Some hand-holds are designed to mimic real rock. Others seem like they're designed just for indoor gym use. And others are just funny. The Wonder Twins Activate route has three handholds that are doll heads. Not empty plastic Barbie heads. They're substantial chunks of plastic. With little faces. Ears and all. Very strange. But relatively easy to grab onto, once you get over the little face.


Climbing routes have a difficulty rating. 1 is anything you don't need to use your hands. From flat to steep stairs. 2 is a hill so steep you have to use your hands to scramble up; think ladders. 3 is rocks that require hands, but there are few big voids — a fall might hurt but would not be dangerous. 4 requires hands, and involves voids where a fall is dangerous. 5 means that technical gear is absolutely required for safety.

Once you get to the 5 threshold, they subdivide the difficulty. 5.1 though 5.5 are relatively easy. They won't involve tricky techniques. You just need to be belayed because the fall is long or involves overhangs.
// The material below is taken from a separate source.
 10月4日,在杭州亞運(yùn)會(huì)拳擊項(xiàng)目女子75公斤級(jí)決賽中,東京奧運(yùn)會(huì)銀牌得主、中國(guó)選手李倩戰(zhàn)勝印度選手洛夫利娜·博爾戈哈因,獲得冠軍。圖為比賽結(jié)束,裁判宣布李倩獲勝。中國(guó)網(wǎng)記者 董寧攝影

Teetering along a narrow ledge on a cliff could be a 5.1 because it requires a belay, but isn't a difficult climb. At the gym, the routes 5.5 and below are called "party routes" because the staff take the birthday parties and scout troops to those routes. When you go for your one-day intro to climbing, you do party routes.
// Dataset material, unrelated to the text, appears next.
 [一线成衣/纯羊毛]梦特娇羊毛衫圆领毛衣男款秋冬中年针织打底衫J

5.6 through 5.9 is where it gets more serious. The original plan was to divide all of climbing into the decimal scale. 5.9 was (originally) the most difficult thing a person could possibly climb.
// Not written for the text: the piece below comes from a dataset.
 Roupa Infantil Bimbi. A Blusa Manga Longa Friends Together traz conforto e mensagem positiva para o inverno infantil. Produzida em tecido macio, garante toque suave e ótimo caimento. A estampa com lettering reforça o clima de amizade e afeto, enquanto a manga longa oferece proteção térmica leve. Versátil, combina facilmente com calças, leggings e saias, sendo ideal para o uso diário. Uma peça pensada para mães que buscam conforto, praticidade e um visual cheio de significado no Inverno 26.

But then equipment and skills raised the bar. Routes now go well past 5.13. 5.10 is hard and 5.13 is seriously crazy. It involves stretches, contortions, super-human strength and endurance.

When we started climbing, we did party routes. After a few days we braved the 5.6's. There's a route called "Orange Me Not" which defeated me several times before I got past the hard part — the "crux" — part way up the wall. My first four or five attempts involved me falling off the wall and CA catching me on belay. Eventually, I figured out how to get past this one place where my feet were out of position so badly I couldn't seem to go anywhere. One of the other climbers calls this "the sequencing problem." You play the wall like a hand of cards. "I do right hand up… but where do I put my left? Okay, I'll do left hand up, then right, but then where do I move my feet? Who's holding the Jack of Trump? Oh, wait, that's one of my orange holds over there. Okay. I'll do right hand up, left hand over to that, then I can put my right foot there… Oh botheration, that will never work because I'm not 7' tall!"

We can do most of the 5.7's in the gym without too much trouble. A few are very hard and I can't do them when I'm too tired. CA and I can sometimes get up the 5.8's. It's a struggle. One particular 5.8 route — "Climbing Arête" —has defeated us both. We've gotten to a spot where we have no clue what we should do to get further up. We know there's a trick to it. We think it involves reaching around the corner (the "arête.")

We think we need to see someone more experienced do the route. However. Getting advice like that (the rock climbers call it "beta") is frowned upon. Most climbers prefer to solve the route on their own. Each route is a puzzle. So we're going to keep trying different things on this route. We have a new theory after I fell today. Monday night, we'll try a different approach to that puzzle. "Climb it enough, you'll find a solution," we were told. And that seems to be true.